Learning Semantic Association Rules from Internet of Things Data

Tracking #: 808-1799

Flag : Review Received

Authors:

Erkan Karabulut

Paul Groth

Victoria Degeler

Responsible editor:

Guest Editors Neurosymbolic AI for CPS 2024

Submission Type:

Article in Special Issue (note in cover letter)

Full PDF Version:

nai-paper-808.pdf

Cover Letter:

Dear Editors, We are pleased to submit our research paper entitled “Learning Semantic Association Rules from Internet of Things Data” for consideration by Neurosymbolic Artificial Intelligence Journal’s Special Issue on Neurosymbolic AI for Cyberphysical Systems. Rule learning is part of Interpretable Machine Learning (ML) research that especially plays a major role in high-stake decision-making processes. Internet of Things (IoT) systems (e.g., of critical infrastructures such as water networks) also include high-stakes decision-making. In line with this research field, our paper introduces two contributions: i) a novel rule learning pipeline for IoT systems that make use of both sensor data and semantics (IoT knowledge graphs) as opposed to state-of-the-art sensor data-only approaches, ii) a neurosymbolic rule learning approach named Aerial that enables learning a more concise set of high-quality rules than the state-of-the-art. Our proposed Aerial approach creates a neural representation of given input data and then extracts logical rules from the neural representation. The approach is applied to the IoT data. We confirm that this work is original and has not been published elsewhere, nor is it currently under consideration for publication elsewhere. Thank you for your time and consideration. Kind regards, Erkan Karabulut, Paul Groth, Victoria Degeler University of Amsterdam, The Netherlands Corresponding Author: Erkan Karabulut (e.karabulut@uva.nl)

Approve Decision:

Approved

Revised Version:

Learning Semantic Association Rules from Internet of Things Data

Tags:

Reviewed

Decision:
Major Revision

Solicited Reviews:

Review #1 submitted on 13/Mar/2025

By Andreas Martin
Review Details

Reviewer has chosen not to be Anonymous

Overall Impression: Good

Content:
Technical Quality of the paper: Good
Originality of the paper: Yes
Adequacy of the bibliography: Yes

Presentation:
Adequacy of the abstract: Yes
Introduction: background and motivation: Good
Organization of the paper: Satisfactory
Level of English: Satisfactory
Overall presentation: Good

Detailed Comments:

The paper presents a well-structured study on semantic association rule mining for IoT data, combining static knowledge graphs and dynamic sensor data. The proposed Autoencoder-based Neurosymbolic ARM method effectively reduces the number of rules while maintaining high data coverage. The experiments are rigorous and provide convincing evidence of the method’s effectiveness.

Strengths:
- The integration of static and dynamic IoT data for association rule mining is a novel and well-motivated contribution.
- The evaluation is extensive, including comparisons with exhaustive and optimization-based ARM methods.
- The discussion on execution time, scalability, and variations of the method is thorough and relevant for future research.

Major Concerns:
1. The paper does not conform to the journal's layout and template. The formatting should be adjusted to align with the journal’s requirements, including section numbering, citation style, and figure placement.
2. The methodology and experimental setup are dense, making it difficult for non-expert readers to follow. More intuitive explanations or a simplified example pipeline would improve accessibility.
3. The study relies solely on one language model for evaluating the ability to extract rules. A brief discussion on whether results would generalize to other models would strengthen the impact.
4. The execution time analysis is detailed, but the discussion on real-world scalability could be expanded. The applicability of the method to large-scale IoT systems with a high number of sensors should be addressed.
5. The study is theoretically rigorous, but a more explicit discussion of practical implications would enhance its relevance.

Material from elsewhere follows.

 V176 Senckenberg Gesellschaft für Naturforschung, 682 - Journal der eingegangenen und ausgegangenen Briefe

Review #2 submitted on 08/Mar/2025

By Marvin Schiller
Review Details

Reviewer has chosen not to be Anonymous

Overall Impression: Good

Content:
Technical Quality of the paper: Good
Originality of the paper: Yes
Adequacy of the bibliography: Yes

Presentation:
Adequacy of the abstract: Yes
Introduction: background and motivation: Good
Organization of the paper: Needs improvement
Level of English: Satisfactory
Overall presentation: Good

Detailed Comments:

As far as I can judge, the presented methodology is well-motivated and executed and the results (in particular, the clear effect of the inclusion of semantics) appear highly relevant. I find the very detailed experimental analyses very instructive and easy to follow. The overall presentation, in terms of structure and language is excellent (nonwithstanding some minor comments below), and I appreciate the Figures and examples that illustrate the main workflow and the steps taken by the algorithm (like Figure 2 or Table 6 with examples of actual association rules). The source code of Aerial being available, well described and also at first glance quite clear is highly appreciated.

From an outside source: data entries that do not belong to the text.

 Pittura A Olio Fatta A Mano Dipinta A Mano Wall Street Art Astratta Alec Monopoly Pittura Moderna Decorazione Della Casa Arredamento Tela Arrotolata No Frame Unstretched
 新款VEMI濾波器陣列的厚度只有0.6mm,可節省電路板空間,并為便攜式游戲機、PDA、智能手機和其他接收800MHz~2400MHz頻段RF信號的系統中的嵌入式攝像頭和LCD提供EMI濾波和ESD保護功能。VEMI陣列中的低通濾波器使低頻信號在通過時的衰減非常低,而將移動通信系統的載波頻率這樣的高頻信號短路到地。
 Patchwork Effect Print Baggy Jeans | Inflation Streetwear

However, I noticed a gap in the otherwise convincing and clear presentation of the ideas, when putting myself in the shoes of someone
who is trying to follow or replicate the presented work or adapt it to a potentially new domain (which I think would be the prime target group for this paper).
First of all, it was not clear to me how exact numeric (sensor) measurement values in the input data relate to the intervals "s1 must measure between 23-31" shown as part of the mined association rules or the comparisons like shown in Table 2 (e.g. "p1.length > 100"). In Section "Pipelines" I noted that "the proposed approach is applied to, such as the type of discretization...", so I assume that such details have been left out, but at least in the case of the discussed water sensor networks, it would have been instructional to see how this was done.
Similarly, I understand that the semantics of classes in the ontology should not be understood in the sense of e.g. RDFS or OWL class hierarchies, but more like sets/tags.
Still, I assume that the granularity of modeling applied to the ontology can have an effect on the performance of Aerial, so it would have been nice to see what was done here with a short example. Luckily I found some previous papers by the authors (e.g. https://arxiv.org/pdf/2310.07348) where this is more clear (showing a little part of
the generated knowledge graph). Taking the practicioner perspective, I would assume that if the ontological modeling was done naively (e.g. one class per sensor instance) the value of the semantics would be null. Therefore, I would have found it highly valuable to see a coherent running example included, not only for the syntax of expressions (like Table 2), but also of the translation to the enriched sensor data. Such a running example could help to pinpoint how the positive effect of semantics unfolds during the course of processing, which would put the cherry on the cake. From my perspective, this would be more crucial than exhaustive formal definitions of the underlying set theoretic (graph, language) structures.
Also, I was wondering to what degree typical knowledge-graph expressivity (like e.g. symmetry or transitivity of relations) would be picked up by the Aerial approach, to understand what degree of "semantification" is supported at all (again, thinking of making a dataset "Aerial-ready").
Also, to me it is not entirely clear if a transaction refers to all data in a given timespan of all sensors together with the properties from the entire related knowledge graph (as it seems according to "Input", and also the sets presented as "Input transactions" for the autoencoder), or if transactions are structured or even grouped/cut according to individual sensors and their vicinity
(as suggested by; "Property values from neighbors of node v can also be in the transaction set depending on the application."; from "Pipeline").

Minor comments:

- The abbreviation DL (for deep learning) is never spelled out (to distinguish e.g. from "description logic", since semantic technologies are also mentioned)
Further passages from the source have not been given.